Article Directory
Neurons
In simple terms, given the weight w 1 w_1w1, w 2 w_2 w2, Deviation bbb and other parameters, then enter the datax 1 x_1x1, x 2 x_2 x2And so on, after nonlinear change to get z, and then change σ to get a, and finally calculate the loss function L(a, y).
Among them, there are three common σ changes as follows:
Sigmoid
The value range of f(x) is (0, 1)
Tanh
The value range is (-1, 1), which is more negative than Sigmoid.
resume
The value range is [0, +∞)
Loss function
Loss function, what we want is that this loss is as small as possible.
L1
L2
Cross entropy
Gradient descent
It is the derivative of the loss function L with respect to W, because we hope that Loss is as small as possible, so we hope that this derivative is negative, then subtracting it from the original W will make W change, indicating that we pay more attention to it, and hope to continue , Don’t forget that W is the weight, so it will be more effective when calculating the weighted average. (Explain why the awkward minus sign in gradient descent)
Simply put, just go in the direction of the gradient, and it will be more intuitive to use the function image to illustrate.
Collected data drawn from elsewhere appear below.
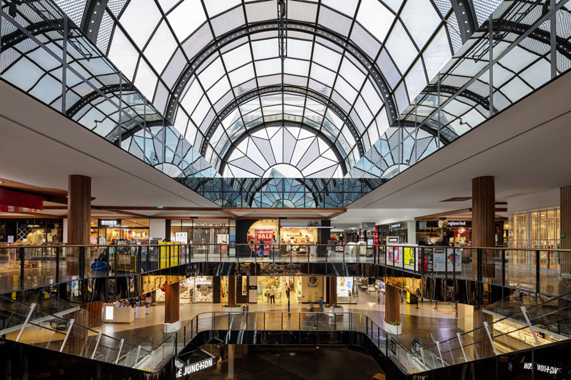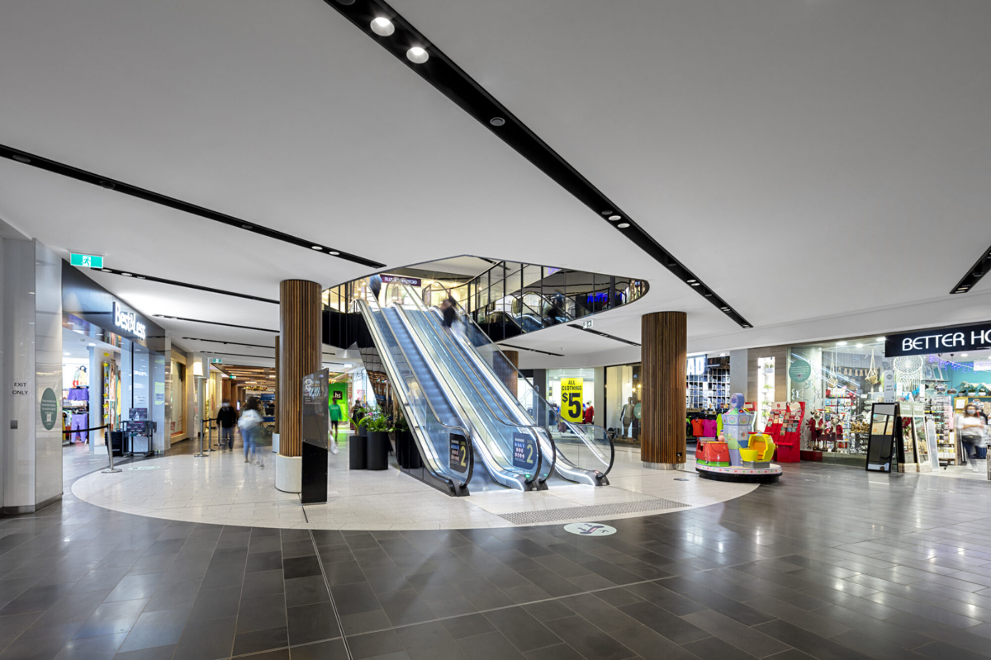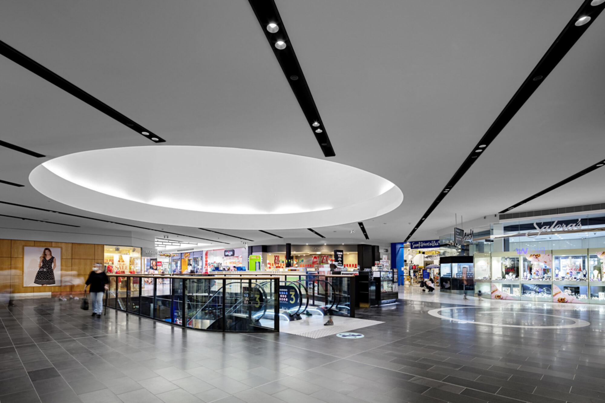 The project involved the aesthetic upgrade of over 10,000sqm of public shopping malls over levels 2 & 3. The scope of work in each zone included the replacement of all floor finishes, ceiling and soffit treatments, structural modifications to voids, upgrade of balustrades, feature lighting, service modifications and replacement of vertical transportation.
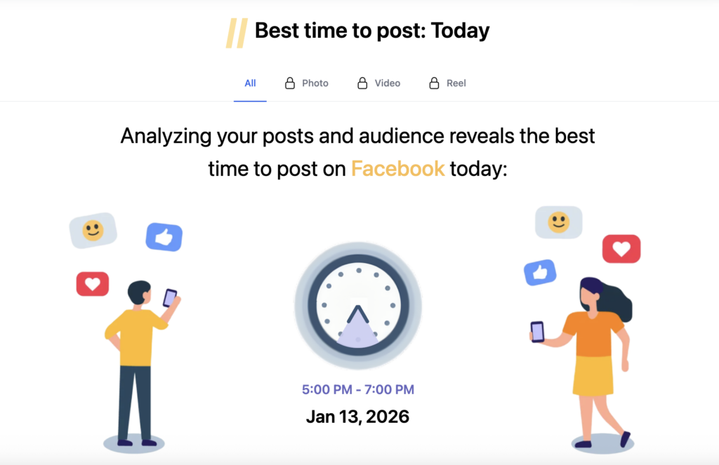 However, the best posting time can vary significantly by industry and audience. You can use Vaizle’s free Best Time to Post on Facebook tool to analyze when your specific audience is most active and responsive.
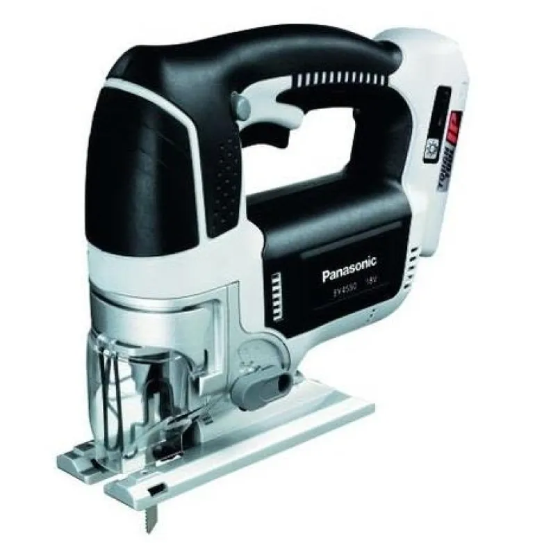 18V:n pistosaha, jonka maksiminopeus on 2500 kierr./min ja jossa on 3 erilaista heiluriasetusta ja sahanterien pikakiinnitys. Panasonic EY4550X:n kallistuskulma viistosahauksessa on 45°, varustettu purupuhaltimella sujuvampaa työtä varten.
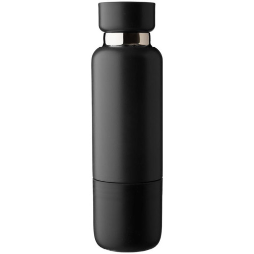 Vakuumirana dvoslojna boca za piće od nehrđajućeg čelika (500 ml) s PP čašicom za piće (300 ml) na dnu. Unutrašnjost je od nehrđajućeg čelika 304, izvana od nehrđajućeg čelika 201. PP poklopac s AS prozirnim zatvaranjem, s poliesterskom uzicom za ručni zglob i remenom za nošenje. Mat boje. Pojedinačno pakirano u smeđu kartonsku kutiju.

Now take the two-dimensional function image as an example: just
walk in the direction of the recess.
Backpropagation
After a large number of calculations, an approximate global optimal solution is obtained.
Convolutional Neural Network
Convolutional layer: edge detection
Input data
Convolution operator
The convolution operator is constantly adjusted through calculation,
and each value is equivalent to a neuron, and the value is the weight W
Convolution operation
The convolution operator is a small matrix. Put the operator on the input data, and take each value of the operator as the weight of the value at the same position of the input data to calculate the weighted average. In
this way, calculate 1 ∗ 1 + 2 ∗ 0 + 0 ∗ 0 + 0 ∗ 1 1 * 1 + 2 * 0 + 0 * 0 + 0 * 11∗1+2∗0+0∗0+0∗1. Get the result 1, store it in another matrix, then move the convolution operator to the next position, and
continue the calculation until all the input data is traversed.
Here the default step size, which is the distance of each translation of the convolution operator, is 1 and the
final convolution result is obtained, which is a 3 * 3 matrix
Advanced
This convolution operator can also have many, many layers, and it looks like this:
then the obtained convolution result can also have many, many layers:
the work of each layer of convolution operator is different, I understand them as detecting different features of the picture .
After this convolution operation, the previous size is M ∗ N ∗ 3 M * N * 3M∗N∗3 , it will become very deep, the last number may become 32, 64 or the like.
Note that the input data can also have many layers. To understand how the single-layer data changes, just superimpose multiple layers of data.
Convolution stride and padding
Step size
The distance that the convolution operator moves each time. If stride = 2,
then the movement is like this:
-
first step:
-
The second step:
-
third step:
Finally get a 2 * 2 matrix
padding
To put it simply, the final convolution result matrix is too small, so fill a circle around it,
assuming padding = 1, add a circle around the result:
Convolution result size
Pooling layer
The structure of the pooling operator is the same as that of the convolution operator, but there are only two types:
taking the maximum value and calculating the weighted average
Fully connected layer
Mainly do the work of the classifier, the common ones are SVM, FCN, global pooling;
the end of the model is connected to the output.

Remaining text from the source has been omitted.